The cache operates at the source level -- if a query matches routes that hit sources A, B, and C, each source's results are cached independently. A cache hit for source A does not affect fetching from B and C.

Cache management commands:

context-router cache stats --config context-router.yaml
context-router cache clear --config context-router.yaml
context-router cache clear --config context-router.yaml --source docs

Environment Variable Interpolation¶

String values in the YAML config can reference environment variables using ${VAR_NAME} syntax:

sources:
  api:
    type: http_api
    url: "https://api.example.com/search"
    headers:
      Authorization: "Bearer ${API_TOKEN}"

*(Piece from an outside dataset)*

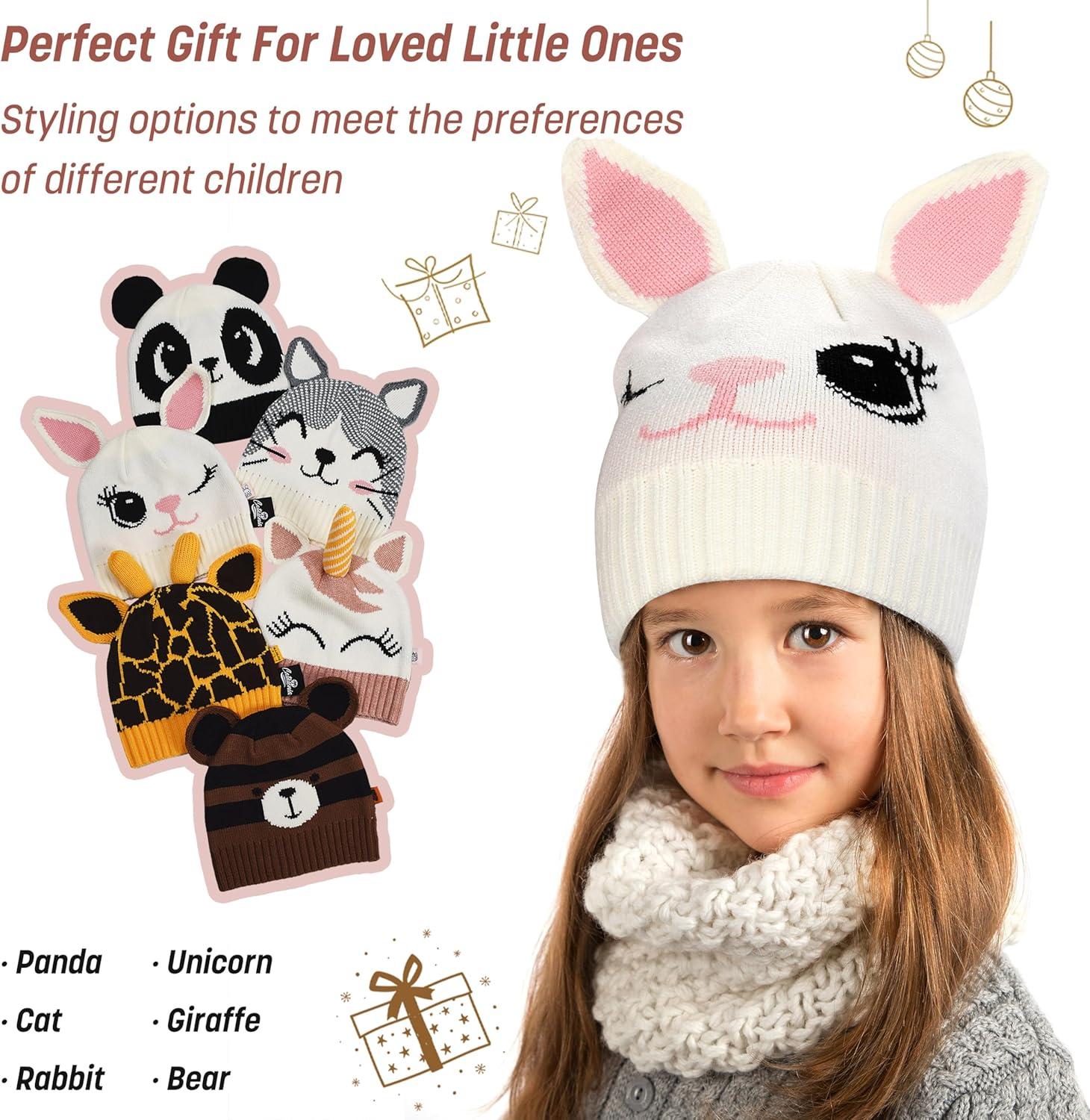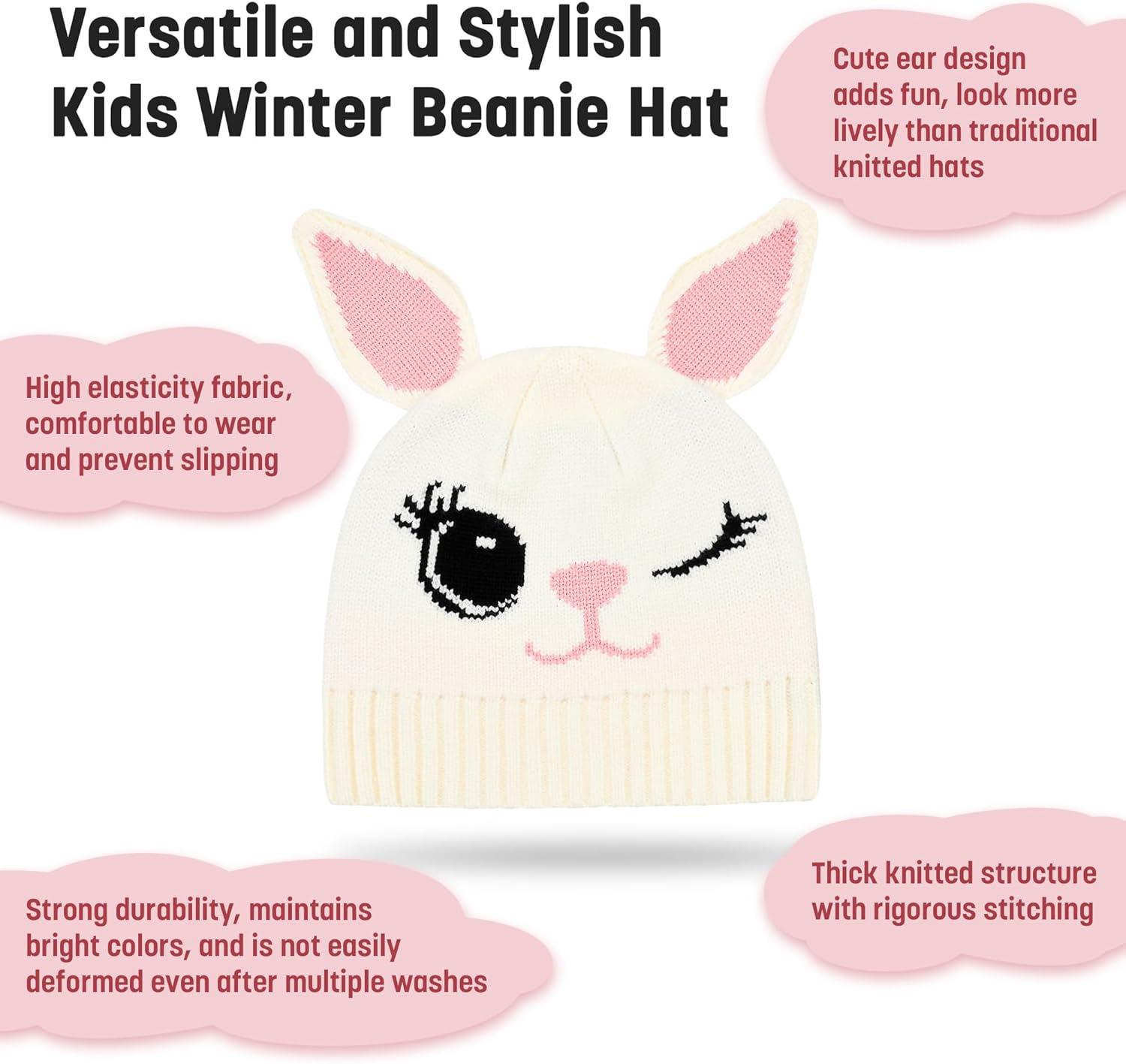 Catalonia Kids Knit Hats, Warm Toddler Winter Hats, Cute Beanies Hat Cap for Boys Girls Aged 6-10, Gifts Idea For Christmas(Rabbit)
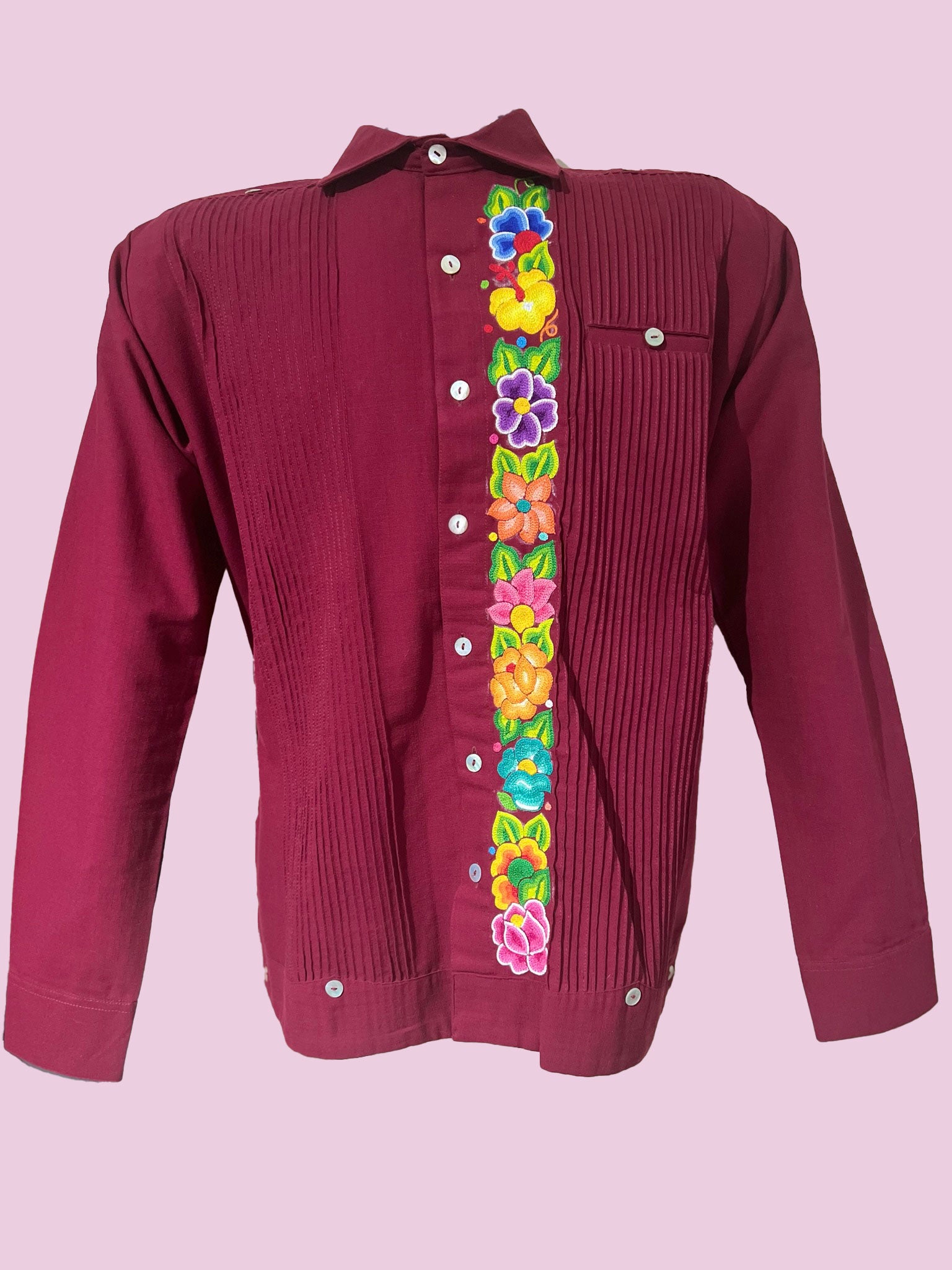 Explora la magia del Istmo de Tehuantepec con nuestra guayabera de lino en tono vino, adornada con flores tejidas a mano. Cada flor es un tributo a la destreza y pasión de las artesanas locales, que con cada puntada crean una pieza que encapsula la rica herencia cultural de la región.

If the environment variable is not set, the placeholder is left as-is (not expanded). Interpolation is applied recursively to all string values in the config before parsing.

Performance¶

The engine is designed for inline use -- it sits in the path between your agent and its LLM call.

Metric	Value
Route evaluation	<0.1ms for 10 routes
Parallel fetch overhead	Bounded by slowest source
Relevance scoring	~0.01ms per chunk
Budget trimming	~0.01ms for 100 chunks
Memory (loaded config)	~50KB for typical configs
Dependencies	5 (pyyaml, click, rich, httpx, aiofiles)

This is fast because:

All route expressions are pre-compiled into ASTs when the Router is created
Source fetching is async and parallel -- all sources are fetched concurrently
Relevance scoring uses keyword overlap -- no embeddings, no model calls
Budget trimming is a single pass through the ranked list
The disk cache avoids redundant I/O for repeated queries

For comparison, RAG pipelines that call an embedding model add 50-200ms per query for vectorization. This engine adds <1ms for routing + scoring, with fetch time bounded by your data sources.